Capannoni silenziosi, officine a luci dimezzate, fornitori che aspettano una telefonata. Poi, all’improvviso, la notizia che rimette in moto l’umore della filiera: il Governo sblocca il dossier auto e riapre scenari che molti, negli ultimi mesi, avevano archiviato come troppo ambiziosi.
Sabato mattina è arrivato il via libera al DPCM Automotive. Una mossa attesa non solo dalle grandi fabbriche, ma anche dai piccoli stampisti, dalle aziende che producono cablaggi, dalle startup che sperimentano materiali più leggeri. Qui si gioca una partita concreta: mantenere competenze, aggiornare impianti, difendere quote di mercato in un’Europa che corre e in un mondo dove l’Asia spinge fortissimo.
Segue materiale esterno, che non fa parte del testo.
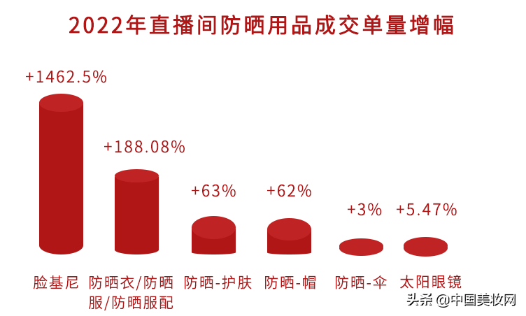 細(xì)分到各類防曬用品,被譽(yù)為“東方防曬術(shù)”的臉基尼跑贏整個(gè)市場,以1462.5%的直播間成交量增幅一騎絕塵,占領(lǐng)一位。再從各品類成交人數(shù)著眼,增幅第一的依然是防曬衣/防曬服/防曬服配。
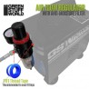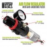 The GSW air pressure regulator, fitted with a moisture filter, ensures a dry, purified airflow at a stable pressure by capturing moisture before it reaches your airbrush. Moisture is filtered and condensed in a transparent polycarbonate resin chamber, which is easily emptied via a drain valve.
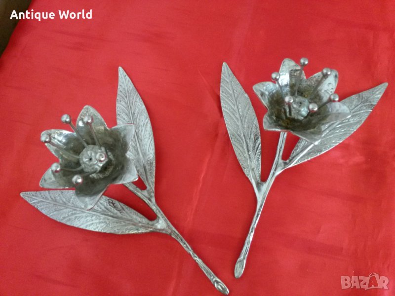 Уникални Много Красиви Стари Масивни Посребрени Цветя.Състоянието е видно.
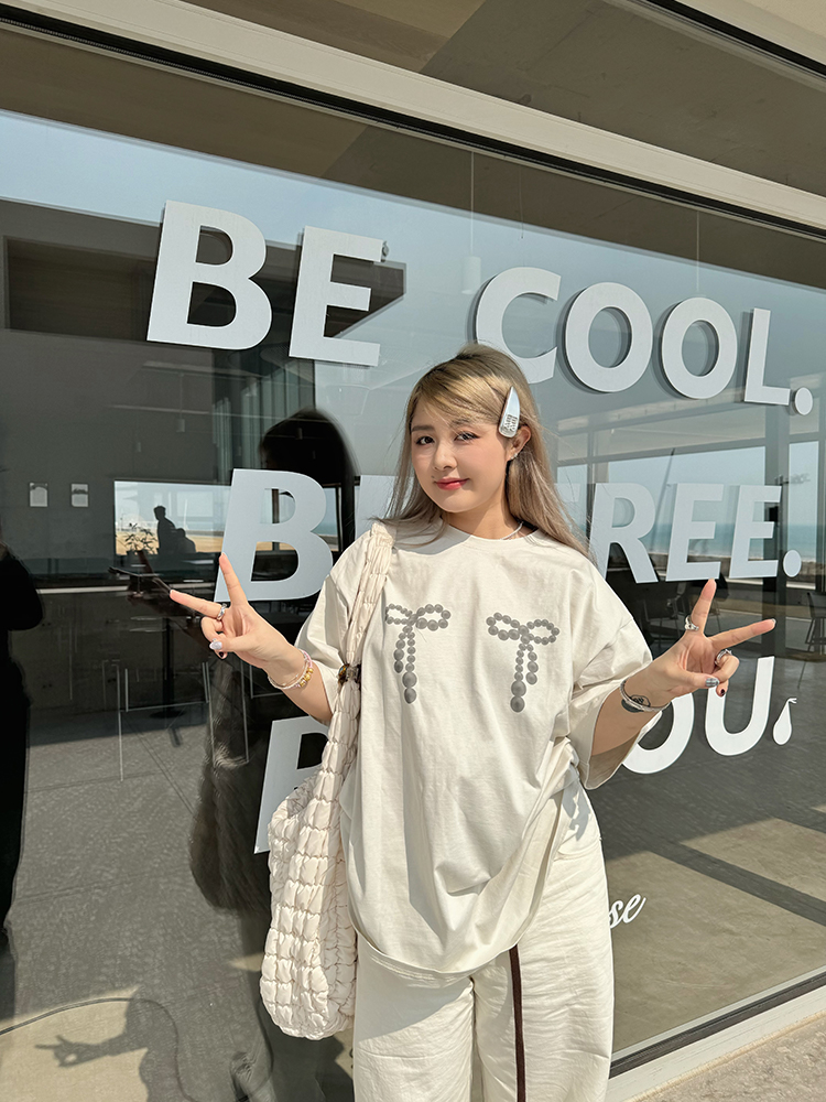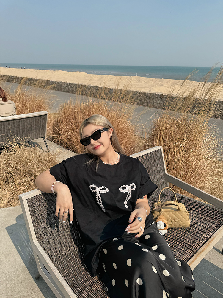 Elevate your wardrobe with our Plus Size Loose Pearl Bow Print T-Shirt in classic Black and White. Designed for the modern woman, this trendy and chic top features a stylish pearl bow print that adds a touch of elegance to your casual look. The loose fit ensures ultimate comfort while flattering your curves, making it a versatile fashion essential for any occasion. Perfect for pairing with jeans or skirts, this t-shirt will quickly become your go-to choice for effortless style. Add to your cart today and step out in confidence!

Gli addetti ai lavori lo sanno: senza ossigeno per la filiera, la transizione resta un cartello sulla porta. Il decreto non promette magie. Però mette strumenti sul tavolo e disegna un percorso.
Cosa cambia per la filiera industriale
Il cuore dell’intervento guarda all’industria. Più del 70% delle risorse alimenta Accordi per l’innovazione, Contratti di sviluppo e i nuovi Mini Contratti di sviluppo. Tradotto: sostegno a ricerca e innovazione, a nuovi processi produttivi, a linee più efficienti.
Immaginate una PMI di stampaggio in Emilia: con un Accordo per l’innovazione può installare presse a risparmio energetico, sensori per controlli in linea, software per la qualità. Oppure un fornitore di cablaggi nel Sud che grazie a un Mini Contratto automatizza la fase più ripetitiva e libera tecnici per lavorazioni a maggior valore. Sono esempi concreti di come si tiene insieme competitività e occupazione.
Il plafond messo in campo è di 1,343 miliardi di euro, circa 250 milioni in più rispetto alla dote iniziale dell’anno. Una parte, pari a 251 milioni, è stata usata per fronteggiare il caro carburanti e sostenere l’autotrasporto, ma il ministro Adolfo Urso ha annunciato il ripristino già a luglio. Significa continuità finanziaria, un punto chiave per firmare investimenti pluriennali senza giocare d’azzardo.
Incentivi mirati e nuovi veicoli da lavoro
Il resto dei fondi va a spingere la mobilità sostenibile dove fa più differenza nella vita reale. Parliamo di bonus per colonnine, leasing sociale, retrofit a gas, ciclomotori, motocicli e quadricicli. E, soprattutto, al rinnovo dei veicoli commerciali.
Per capirci: un corriere cittadino che oggi gira con un furgone Euro 4 può valutare un elettrico o un ibrido leggero con un contributo che taglia il prezzo e con canoni più bassi grazie al leasing sociale. Meno emissioni in strada, meno rumore sotto casa, più efficienza nei costi di esercizio. I dettagli operativi e i criteri di accesso, per alcune misure, saranno precisati nei bandi attuativi: al momento non sono pubblici tutti i passaggi tecnici.
Questo impulso si somma al Piano Transizione 5.0, che vale 9,8 miliardi in tre anni per digitalizzazione ed efficienza energetica. Incrociare le due leve è la vera scommessa: macchine più intelligenti in stabilimento, mezzi più puliti su strada.
Intanto le case auto rivedono piani e tempi per rispondere alla concorrenza asiatica. L’Italia non può limitarsi a osservare. Deve decidere se vuole essere solo mercato o anche fabbrica, laboratorio, officina. Il decreto non risolve tutto. Ma offre un sentiero praticabile.
La domanda, ora, passa a noi: che tipo di mobilità vogliamo costruire? Forse la risposta comincia all’alba, quando una linea si riaccende e un furgone nuovo parte nel silenzio, lasciandosi dietro solo il ronzio del motore e la città che si sveglia.